Upstageは、日本のAI開発企業カラクリ株式会社と共同開発した日本語大規模言語モデル「Syn Pro」を発表した。同モデルはUpstageの製品ライン「Solar」の一部で、2025年10月23日付のブログ記事で公開された。
性能に関する主張
Upstageによれば、Syn Proは日本国内で学習された自社開発LLMとして最高水準の性能を持ち、320億パラメータ未満のモデルの中では首位、Weights & Biases Japanが運営するベンチマーク「Nejumiリーダーボード」では世界トップ20にランクインしているという。同社はまた、Syn Proが日本語タスクにおいてGPT OSS-120Bを含むより大規模なモデルを上回るとしており、その理由としてより高い精度と文化的なニュアンスの理解を挙げている。
導入形態とデータの取り扱い
Upstageによると、Syn Proはオンプレミス、プライベートクラウド、あるいは顧客自身のGPU環境への導入が可能で、外部APIを呼び出す必要がない。同社は、Syn Proが金融、医療、行政など、日本国内で最も規制の厳しい分野とされる業界で利用されていると説明する。また、Syn Proには「推論バジェット」と呼ばれる機能が搭載されており、速度と計算量のバランスを自動で調整するという。
製品ファミリー
Syn Proは、110億パラメータを持つ先行モデル「Syn」に続く製品で、UpstageによればSynはすでに各業界のミッションクリティカルな用途で利用されているという。同社は両モデルを、日本市場向けに構築されたスケーラブルなLLMファミリーと位置づけている。Upstageはまた、HP Japanとの共同提供サービス「SolarBox」にも言及しており、これにより自社のAIモデルを安全性の高いオンプレミス環境に導入できるとしている。
想定する利用者層
Upstageは、Syn Proの主な対象として、生成AIの内製化を進める最高情報責任者(CIO)やIT部門の責任者、法務・コンプライアンス・リスク管理の担当チーム、オンプレミスまたはプライベートクラウドでの管理を必要とする企業、日本語での高い精度を求める公的機関、そして特定領域向けアプリケーションを開発するデベロッパーを挙げている。
提供状況
Upstageによれば、Syn Proは現在提供中で、同社のオンラインコンソールを通じて、またはソリューションチームへの問い合わせを通じて利用できるという。

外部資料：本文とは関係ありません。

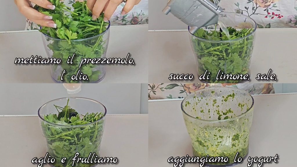 • Dans un mixeur, nous mettons le persil, l’huile, le jus de citron pressé, le sel, l’ail et nous mixons. Nous ajoutons le yaourt

出典:Upstage「Introducing Syn Pro」、2025年10月23日公開。
よくある質問
- Syn Proとは何ですか。
- Syn Proは、UpstageがカラクリA I社と共同開発した日本語大規模言語モデルで、UpstageのSolar製品ラインの一部として発表された。

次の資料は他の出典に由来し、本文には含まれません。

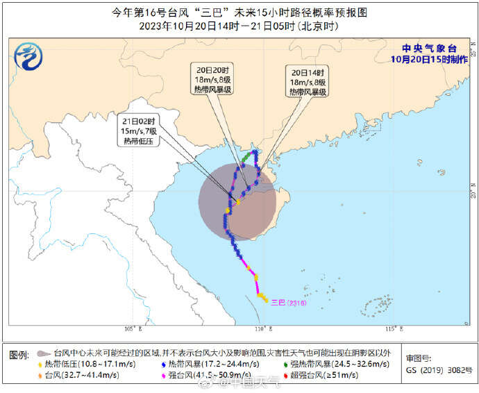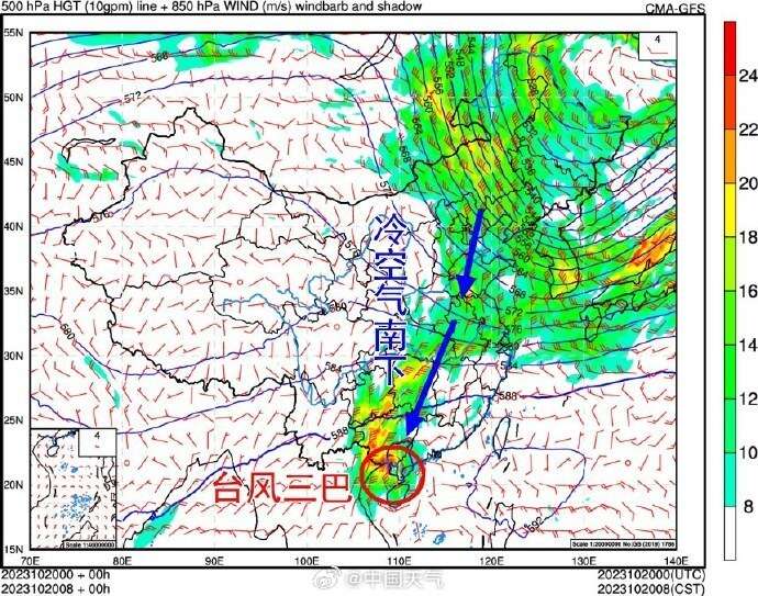 不过,随着冷空气进一步深入台风核心,将迫使“三巴”调头往南走,预计明天华南的降水明显减弱。

- アップステージは、Syn Proが他モデルと比べてどのような性能を発揮すると説明していますか。
- アップステージによると、Syn Proは320億パラメータ未満の国内開発日本語モデルの中で首位に立ち、Nejumiリーダーボードでは世界トップ20にランクイン、GPT OSS-120Bなどより大規模なモデルを日本語タスクで上回るという。
- Syn Proはどこに導入できますか。
- アップステージによると、Syn Proはオンプレミス環境やプライベートクラウド、あるいは顧客自身のGPU上で稼働させることができ、外部APIを通じてデータを送信する必要がないという。
- Syn Proは現在利用可能ですか。
- Upstageによると、Syn Proは現在利用可能で、同社のオンラインコンソールを通じて、またはソリューションチームに問い合わせることで利用できるという。